▸ **Instructions to follow**: List all lines in the material below that contain "over".
Segment Start: Source material
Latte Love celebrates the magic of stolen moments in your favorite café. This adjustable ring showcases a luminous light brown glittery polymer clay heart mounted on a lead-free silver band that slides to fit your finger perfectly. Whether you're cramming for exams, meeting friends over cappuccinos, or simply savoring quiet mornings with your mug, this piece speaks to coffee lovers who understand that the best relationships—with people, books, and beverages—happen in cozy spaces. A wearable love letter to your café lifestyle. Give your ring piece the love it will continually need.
Segment End: Source material
Segment Start: Source material
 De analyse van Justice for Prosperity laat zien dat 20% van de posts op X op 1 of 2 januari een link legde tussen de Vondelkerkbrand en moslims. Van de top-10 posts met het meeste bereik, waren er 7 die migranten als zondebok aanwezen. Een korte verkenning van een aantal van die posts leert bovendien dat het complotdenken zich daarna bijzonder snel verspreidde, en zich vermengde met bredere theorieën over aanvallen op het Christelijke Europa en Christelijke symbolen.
Segment End: Source material
Segment Start: Source material
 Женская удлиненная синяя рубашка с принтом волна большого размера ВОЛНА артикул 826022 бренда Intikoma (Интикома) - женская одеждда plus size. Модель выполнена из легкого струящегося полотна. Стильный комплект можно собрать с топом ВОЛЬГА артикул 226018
Segment End: Source material
▸ **Solution to this exercise**:
Latte Love celebrates the magic of stolen moments in your favorite café. This adjustable ring showcases a luminous light brown glittery polymer clay heart mounted on a lead-free silver band that slides to fit your finger perfectly. Whether you're cramming for exams, meeting friends over cappuccinos, or simply savoring quiet mornings with your mug, this piece speaks to coffee lovers who understand that the best relationships—with people, books, and beverages—happen in cozy spaces. A wearable love letter to your café lifestyle. Give your ring piece the love it will continually need.
 De analyse van Justice for Prosperity laat zien dat 20% van de posts op X op 1 of 2 januari een link legde tussen de Vondelkerkbrand en moslims. Van de top-10 posts met het meeste bereik, waren er 7 die migranten als zondebok aanwezen. Een korte verkenning van een aantal van die posts leert bovendien dat het complotdenken zich daarna bijzonder snel verspreidde, en zich vermengde met bredere theorieën over aanvallen op het Christelijke Europa en Christelijke symbolen.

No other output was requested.